[RFC] external revsets and templates

Thu Jul 14 17:22:14 EDT 2016

On Wed, 2016-07-13 at 21:17 +0100, Jun Wu wrote:
> We have similar URL concepts for [hooks] and "hg import". I wonder if the
> customized protocols like "shell:", "python:", etc. make sense to be shared
> among different places, at least "hg import".
> 
> A practical use-case is Phabricator or Patchwork integration.
> 
> Excerpts from Matt Mackall's message of 2016-07-13 13:37:08 -0500:
> > 
> > These are features we've been playing with a bit in the new review flow:
> > 
> > https://www.mercurial-scm.org/wiki/AcceptProcess#Setting_up_the_revset_helpe
> > r 
> > 
> > These have been extremely useful and I'd like to make them core feature, so
> > I'd
> > like to further iron out the syntax and feature set before moving forward.
> > 
> > Currently, external revsets works like this:
> > 
> >  [extrevset]
> >  foo = shell:some-shell-command
> > 
> > Then some-shell-command is expected to return a series of Mercurial
> > identifiers
> > (hash, rev, tag..), one per line. When "foo" is used in a revset, Mercurial
> > calls the shell command, looks up each result, and returns a corresponding
> > revset.
> > 
> > I think we should also be able to support arguments:
> > 
> >  [extrevset]
> >  cvs = shell:/path/to/lookup-cvs-rev $1
> > 
> > Then we can do:
> > 
> >  $ hg log -r "cvs(123)"
> > 
> > Also, we should allow data sources that are arbitrary URLs:
> > 
> >  [extrevset]
> >  tested = url:http://build.corp.example.com/hg-tested.dat
> >  good = url:http://build.corp.example.com/hg-passed.dat
> >  deployed = url:http://prod.example.com/hg-deployed.cgi
> >  fulltext = url:http://hg
> > -fulltext-db.example.com/query?string=$1
> > 
> > ..which will allow very easy integration with complex production automation.
> > The
> > url: piece might be redundant here? We might also allow calling Python,
> > similar
> > to how we allow it in hooks.
> +1 for removing "url:".
>  
> > 
> > My current implementation has no caching, which is usually fine. My plan is
> > to
> > cache the non-argument version for the repo object lifetime and leave the
> > argument version uncached, but the chg use case might need a better plan.
> If invocation time is negligible, I think the cache can also be implemented
> in the scripts, which would work across hg processes and have better control
> on TTL.
> 
> chg does not make the repo object persistent and it would be hard to do that
> correctly with positive perf impact. I think it's not a concern.
>  
> > 
> > External templates are very similar and allow adding data to the display
> > side
> > (including in hgweb!). Instead of simply getting a list of revisions, it
> > gets a
> > list of revision[space]description pairs. For instance, I can currently get
> > a
> > list of reviewers on draft changesets thusly:
> > 
> >  [exttemplate]
> >  reviewers = shell:ssh mercurial-cm accept/reviewed
> > 
> > ..and simply add {reviewers} to my log template. Again, this can be used for
> > many things, like displaying number of test failures, deployment status,
> > mappings to other SCMs or review tools.
> > 
> > Caching here is more important as templates get evaluated once per
> > changeset. My
> > current hack keeps a global cache, but caching per repo is probably saner.
> > 
> > Because the data format for external templates is a superset of the one used
> > by
> > external revsets, the same source can probably be shared in the cases where
> > it
> > makes sense.
> > 
> > Thoughts?
> With HTTP considered, if we respect the Cache-Control header, we may want to
> do similar stuff for "shell:", maybe by parsing stderr for special text. But
> that sounds unnecessarily complex at least for the first version.
> 
> Same as the above, I think it will be cleaner if we let the script do its
> own caching and don't think about HTTP and TTLs.
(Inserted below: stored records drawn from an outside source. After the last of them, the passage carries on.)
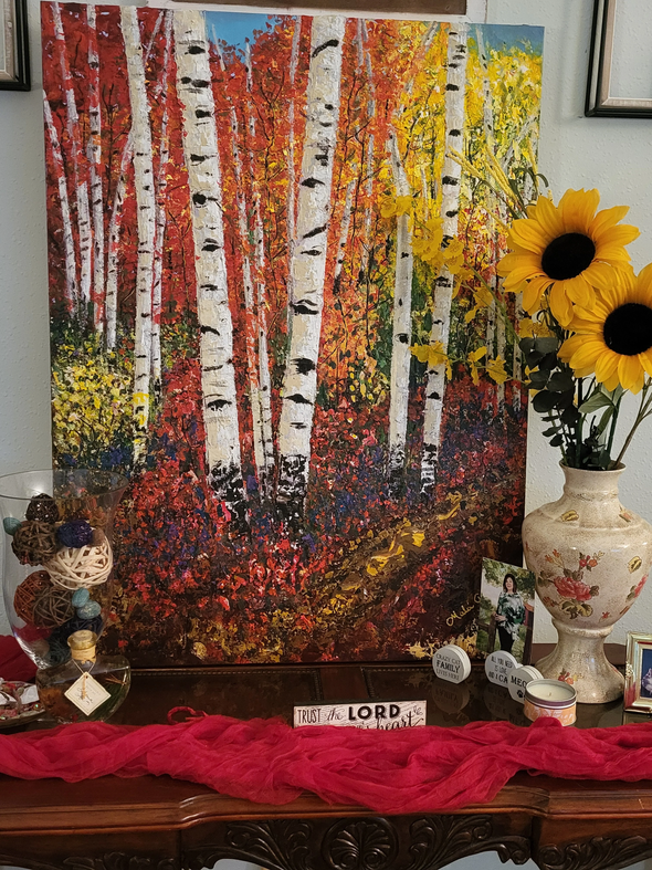 The painting Malu chose to share is especially meaningful to her. It’s inspired by one of the aspen tree paintings she first saw in my ads — the very moment she discovered my work. She had dreamed of painting a large aspen tree canvas, and now that painting lives as the central focal point in her living room. I mean, how amazing is that? Art that starts as inspiration and ends up becoming part of your everyday life.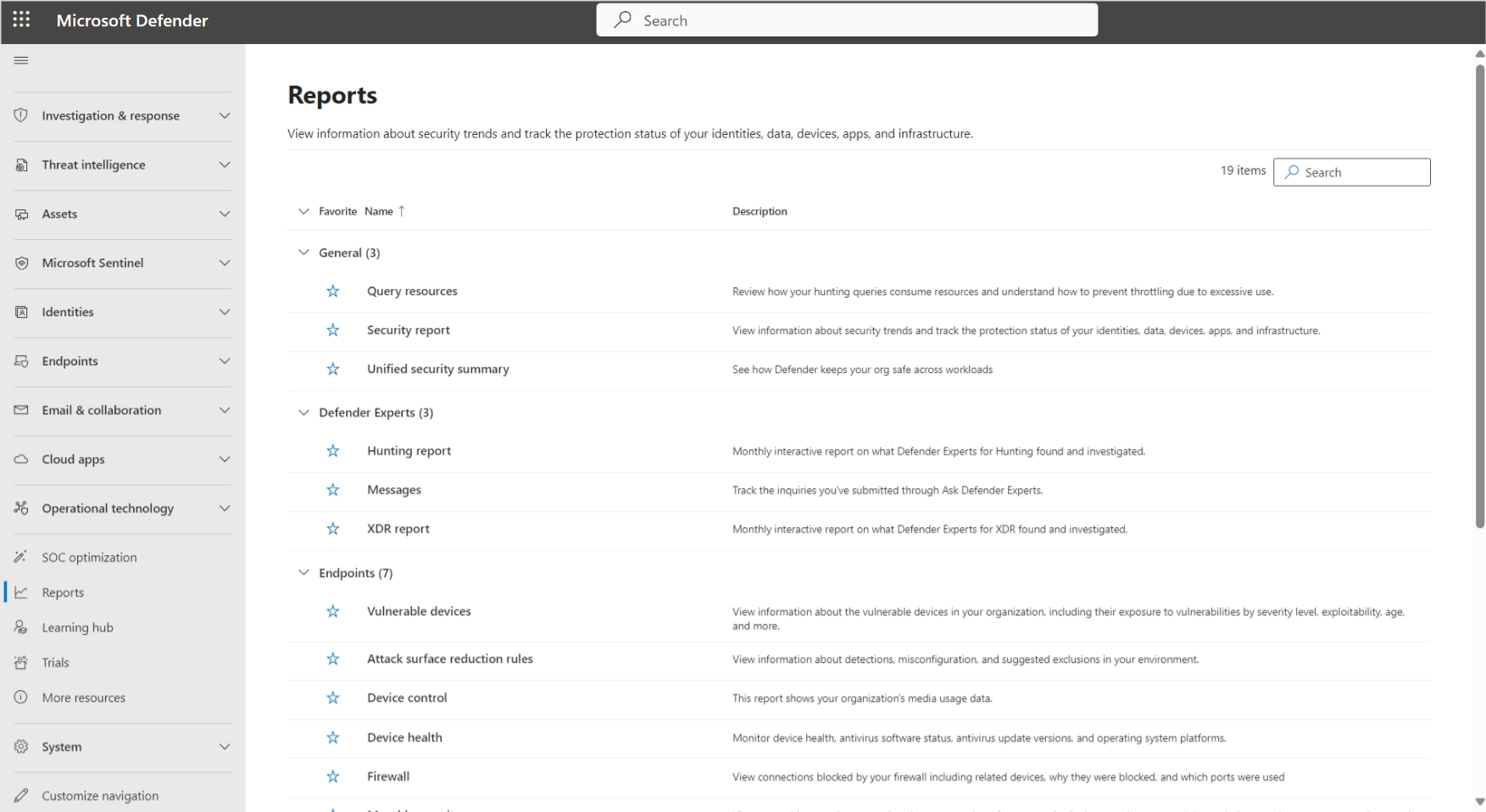 Screenshot of the Reports page in the Microsoft Defender portal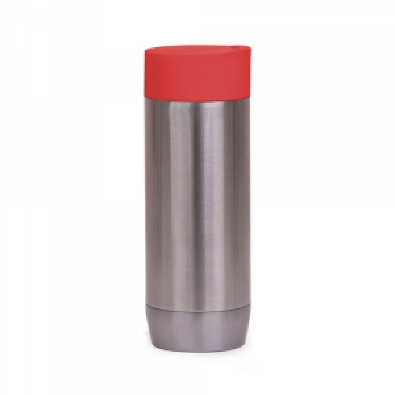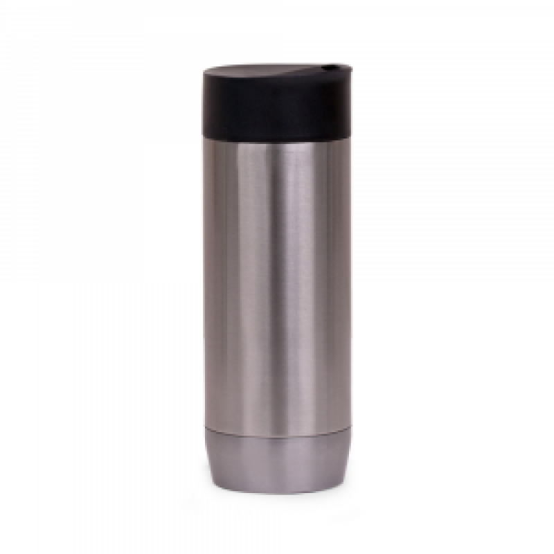 Caneca em aço inox parede dupla de 450ml, conserva temperatura quente ou fria e tampa com vedação.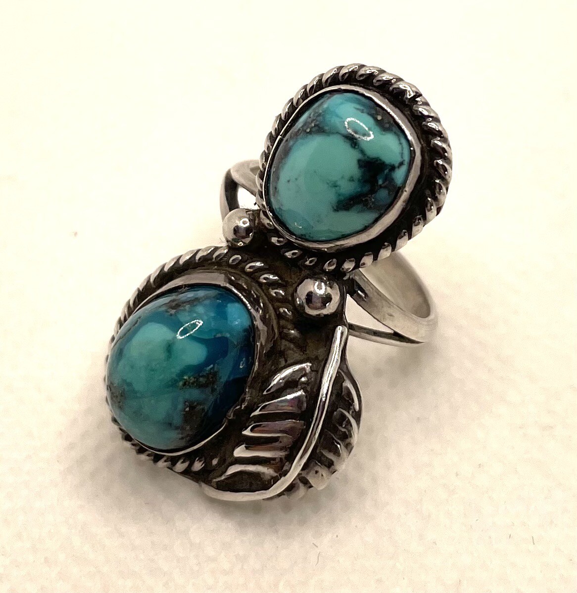 Vintage Native American sterling silver turquoise cabochon ring 6.5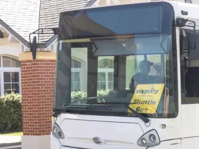 Er rijdt in de ochtend en in de avond een gratis shuttle bus van en naar de parken. Tegenover het hotel staat een bushalte, vanaf hier kun je met de openbare bus naar de Disney Parken.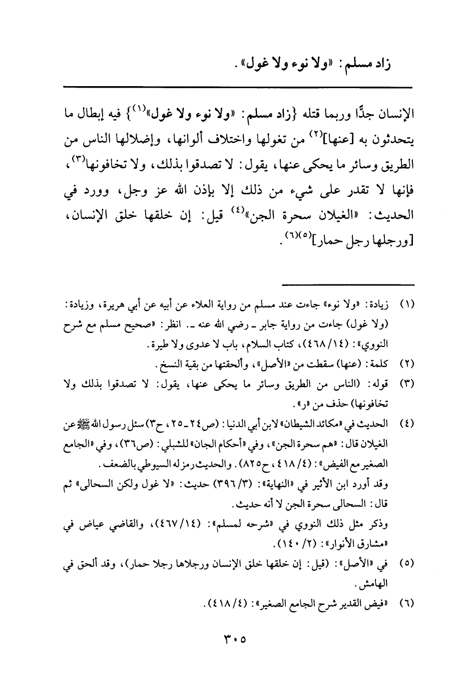 الإنسان جدا وربما قتله {زاد مسلم:" ولا نوء ولا غول 1"} فيه إبطال ما يتحدثون به [عنها] 2 من تغولها واختلاف ألوانها، وإضلالها الناس من الطريق وسائر ما يحكى عنها، يقول: لا تصدقوا بذلك، ولا تخافونها3 فإنها لا تقدر على شيء من ذلك إلا بإذن الله عز وجل وورد في الحديث: "الغيلان سحرة الجن4") قيل: إن خلقها خلق الإنسان، [ورجلها رجل حمار] 5.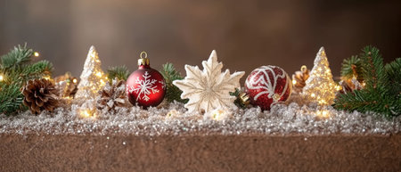 New Year decorations close-up, Christmas holiday background, realistic illustration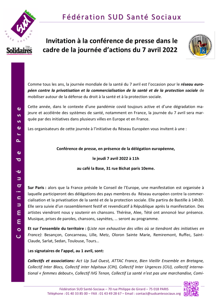 JEUDI 7 : appel signé par le Printemps pour la Journée Mondiale de la Santé. Paris, 14 h 30 départ de la manif de Bastille, vers République, rassemblement festif à 17h.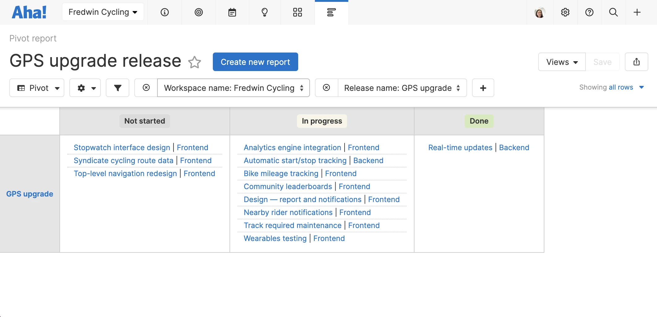 You can now build a single report in Aha! Roadmaps to view epics, features, and requirements from Aha! Develop — to better understand what engineering is working on and track their progress.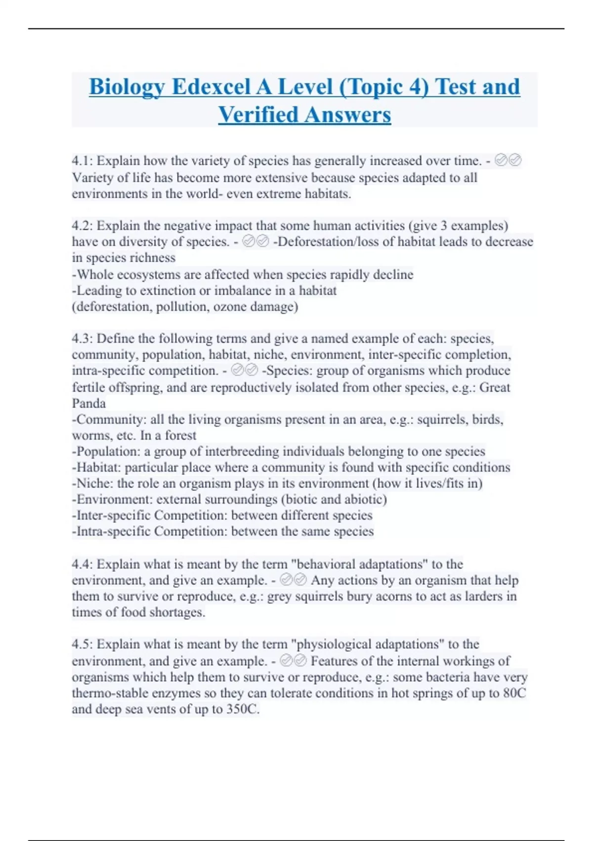 Biology Edexcel A Level (Topic 4) Test and Verified Answers

We want to avoid calling out to a data source 50 times to show 50 log entries..
so we need to cache results across more than one template invocation. And since
we don't know whether a template element is needed until we evaluate a template
and we also don't want to call data sources we don't use, we need to do some
sort of caching-at-first-use.

-- 
Mathematics is the supreme nostalgia of our time.